In the past few years, we are starting to see a combination of action with a lot of CG and special effects.  Back in the early 200o’s, the implementation of such scenes were good but not great.  But with more and more HK martial arts film finding a way to combine action and CG elements and the action scenes looking more realistic than fake, 2012-2013 has been a very good year with martial arts action films.

With Andrew Lau’s “The Guillotines”, I have been a fan of Lau’s films since working on “As Tears Go By” as a cinematographer to my first film discovering his directorial work with “Young and Dangerous” back in ’96.

And if anything, Lau has shown me how he can be a talented filmmaker with “Infernal Affairs”, “Sausalito” to action films such as “The Duel”, “A Man Called Hero”, “The Legend of Speed” and “The Storm Riders”.

If there is one filmmaker that I respected for his action films, Andrew Lau has been one of my favorite Hong Kong directors.

So, here we are in 2013 and I’m reviewing his 2012 film “The Guillotines”.  While, I’m not a person who loves to see a lot of CG with martial arts films, the use of the guillotine in this manner was quite intriguing.  But as there was a lot of fire, sparks and flying guillotines, fortunately the setting and atmosphere went well with the film.

While set during the Qing Dynasty, the production design courtesy of Kenneth Mak (“Fearless”, “Ip Man” films) was very well-done with how elaborate the sets were in trying to capture various villages, the way these sets look and are so beautiful or so beaten up, I was impressed.  And equally fantastic is the costume design work of Dora Ng.  Dora is one of the most sought out costume designers in Hong Kong cinema.

My first film discovering Nora Ng’s work was in “Comrades: Almost a Love Story:” but what she was able to bring to “Purple Storm”, “Tokyo Raiders”, “Skyline Cruisers”,  “Storm Warriors” to name a few, she’s a very creative individual and for “The Guillotines”, it’s one of her most impressive work yet.

So, with giving a nod to set and costume design, let’s talk about the story.

“The Guillotines” is an action-packed film that features tragedy, betrayal but also hope.  A hope for a Golden Age where Manchurians and the Han people can live in peace.

But in a time where people are not treated as equals, how can their be peace?  How can their be equality?

The film begins as a cat and mouse game as the assassination squad known as The Guillotines pursue a man named Wolf and his Shepherd group.  The Guillotines are uneducated and was raised at a young age to be killers. They see themselves as brothers (Musen is actually a female) and believe they are fighting for their Emperor.  They have nothing else but their pride of being well-trained killers.

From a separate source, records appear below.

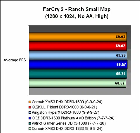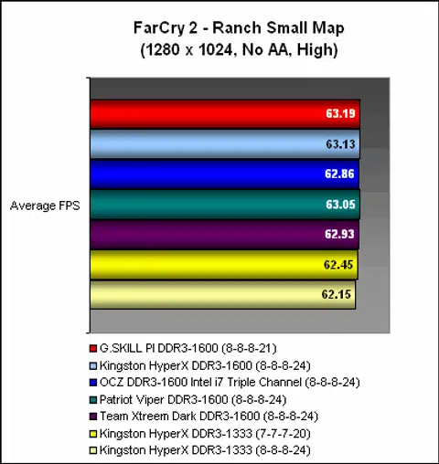 All the memory modules were effectively tied in Far Cry 2 as our average FPS returned almost identical results, with perhaps the DDR3-1333 memory lagging by a microscopic difference.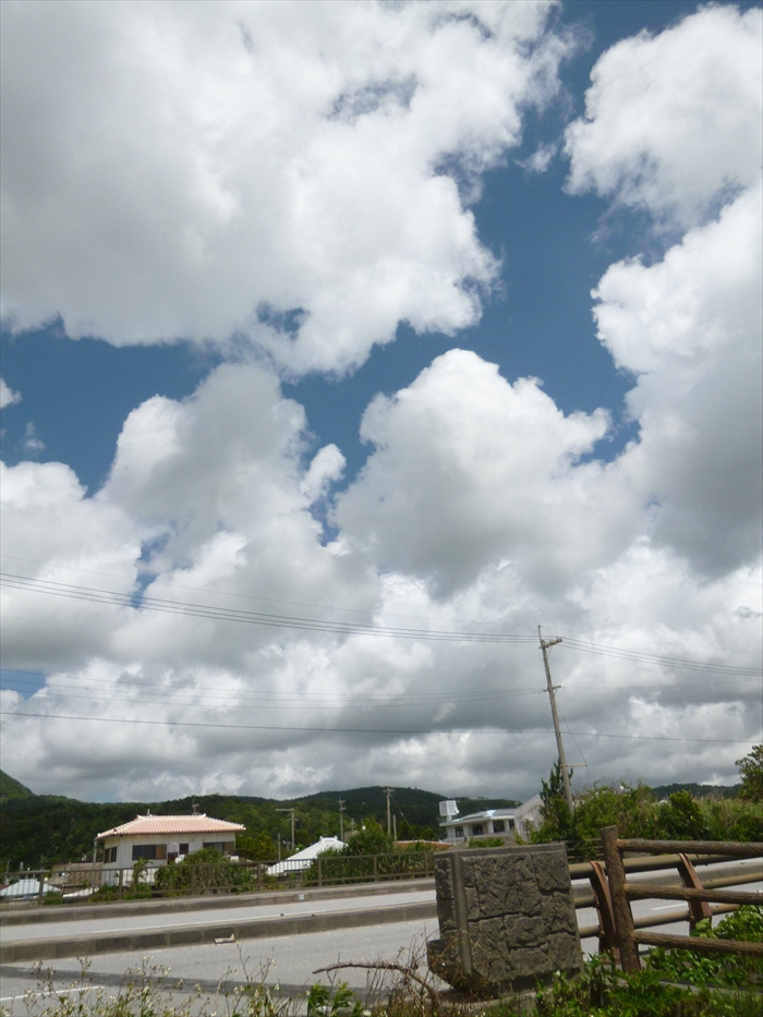 見上げると、空はモクモクの入道雲を浮かべて、すっかり夏の顔をしていた。雲の向こうには辺野古ブルーに澄み渡る青い空が見える。初夏を通り越して一気に夏に向かう気配である。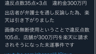 楽天の捏造により罰金を巻き上げられそうになったと騒いでる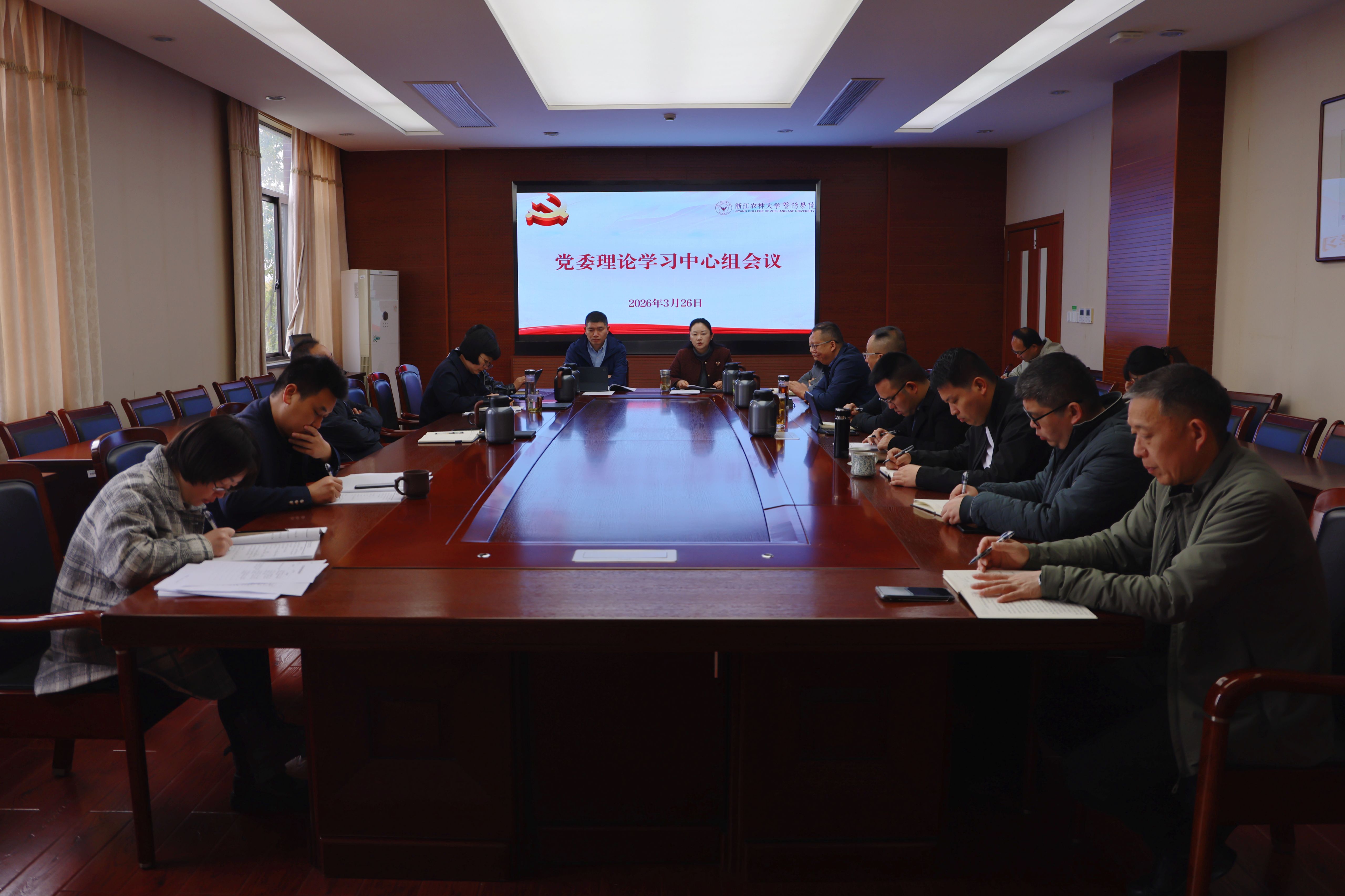 3月26日上午,学院召开党委理论学习中心组会议,深入学习贯彻习近平总书记关于树立和践行正确政绩观的重要论述,专题学习2026年全国两会精神、《中国共产党思想政治工作条例》以及“与时俱进的浙江精神”。学院党委书记洪昀主持会议。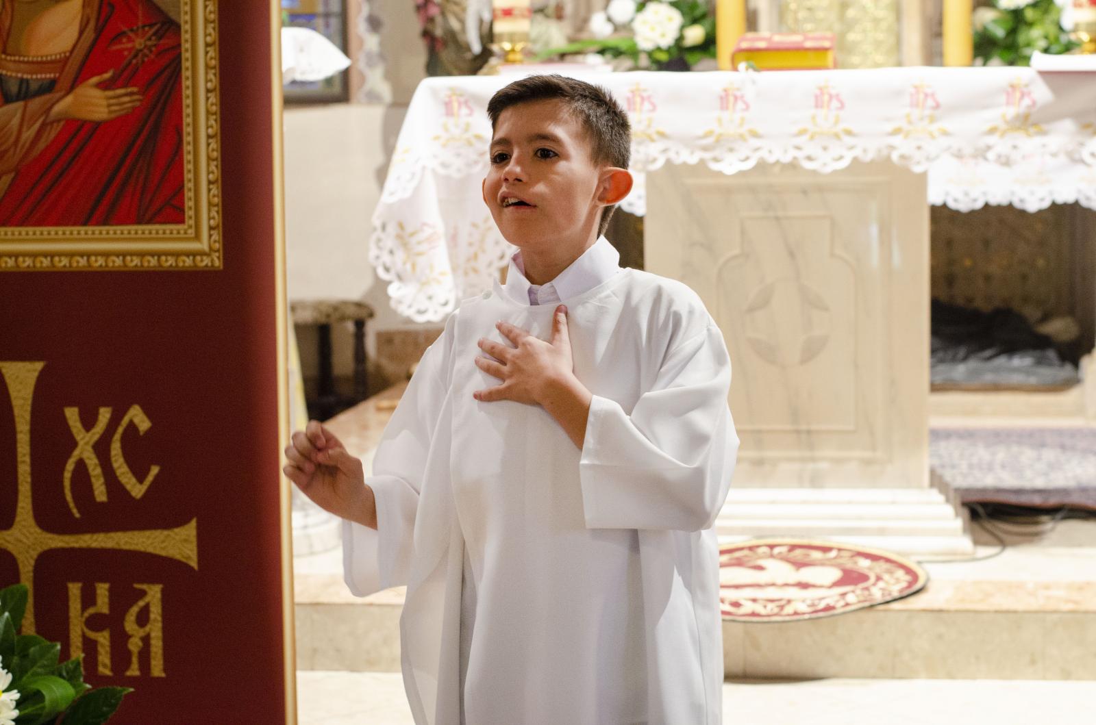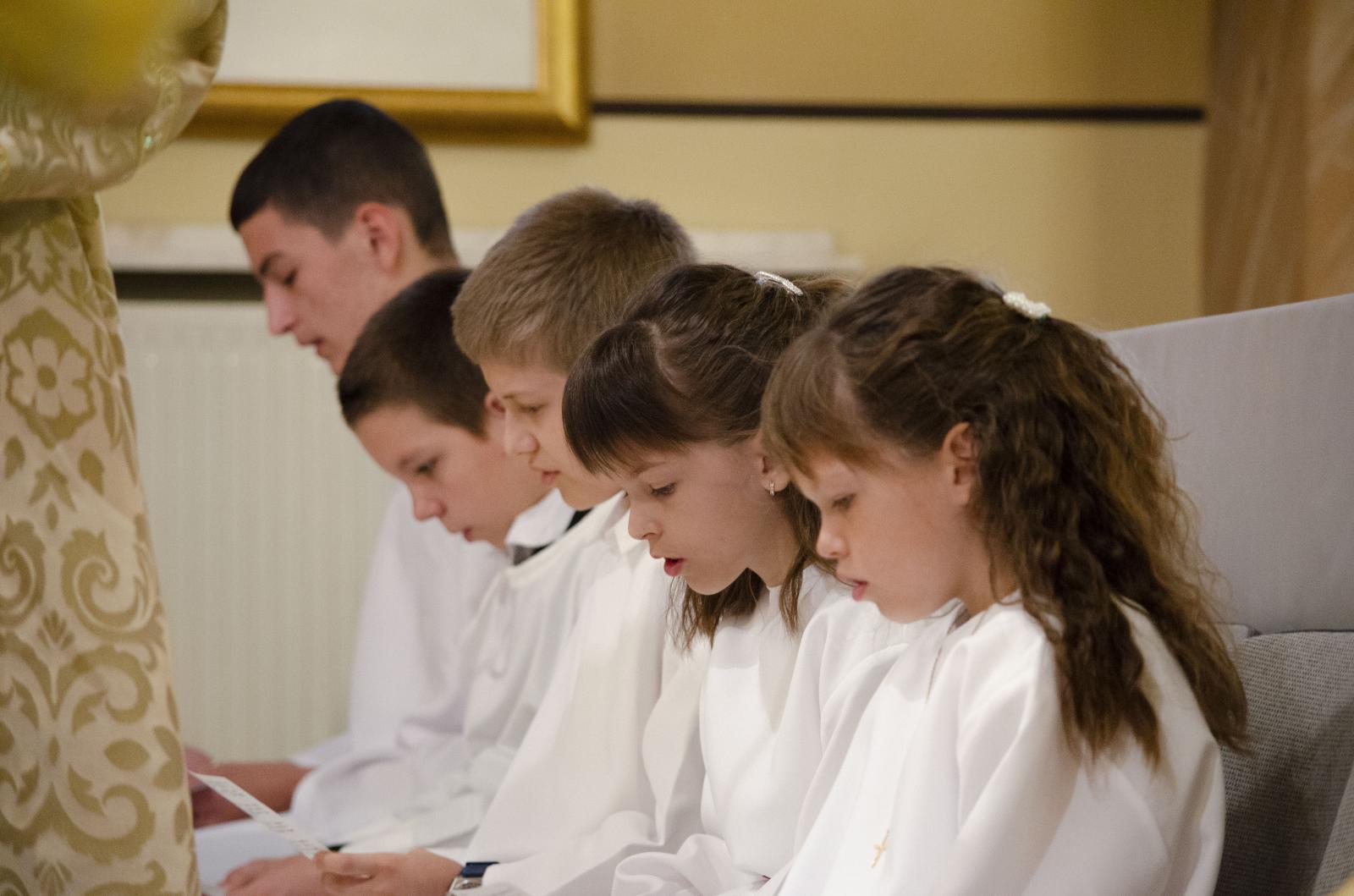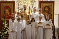 A Szent Liturgia végén a gyerekek verset mondtak és köszöntötték a szülőket, vendégeket. A főpásztort Nagy Rita Éva köszöntötte a szülők nevében.

Wolf on the other hand is an interesting portrayal.  Not only is he a trained fighter but from his appearance to how he is treated by the poor villagers almost as a messiah being called “Great Father” and the fact that he has prophesied his own death as way to create piece, it’s an interesting plotline to see in a Hong Kong martial arts film.

Sure, there is no mention of Christianity but the fact that the character cares and cries for the innocent people, to being seen as a leader and inspiration for those who have no home.  It’s rather interesting, because I have never seen anything like it in a martial arts film nor a Hong Kong/Chinese film in general.

The film does offer a pretty solid young cast with the well-known Shawn Yue as the secretive Haidu.  Young Ethan Juan (Jing-Tian Ruan) is known for his work in TV dramas and China pop star Yuchun Li has a more emotional dramatic role as the female Guillotine warrior, Musen.

For an Andrew Lau film, the film did meet my expectations when it came to action and the overall look of the film was impressive.  While I felt his past action films were much more entertaining storywise, I will say that the creativity when it came to the use of weaponry was well-done for this film.  But as mentioned earlier, it all comes down to the viewer and what they prefer in an action-film.  I prefer deep stories to go along with the action, so I like the balance.

While the film does promote hope for peace, in order to obtain a peace, many have to die and this is a film that is not for the weak-hearted.  People die in the most horrendous of ways and you will also see many people beheaded.

As for the Blu-ray release, “The Guillotines” does look amazing on Blu-ray, its lossless soundtrack is quite active and immersive. And you get a few special features included as well.

Overall, “The Guillotines” is an action-packed that is filled with tragedy, sadness but also hope.  One of the more impressive films that combines CG and action, but also a film that looks impressive thanks to its set and costume design.  If you are familiar with Andrew Lau’s action films, “The Guillotines” is an exciting action film worth watching.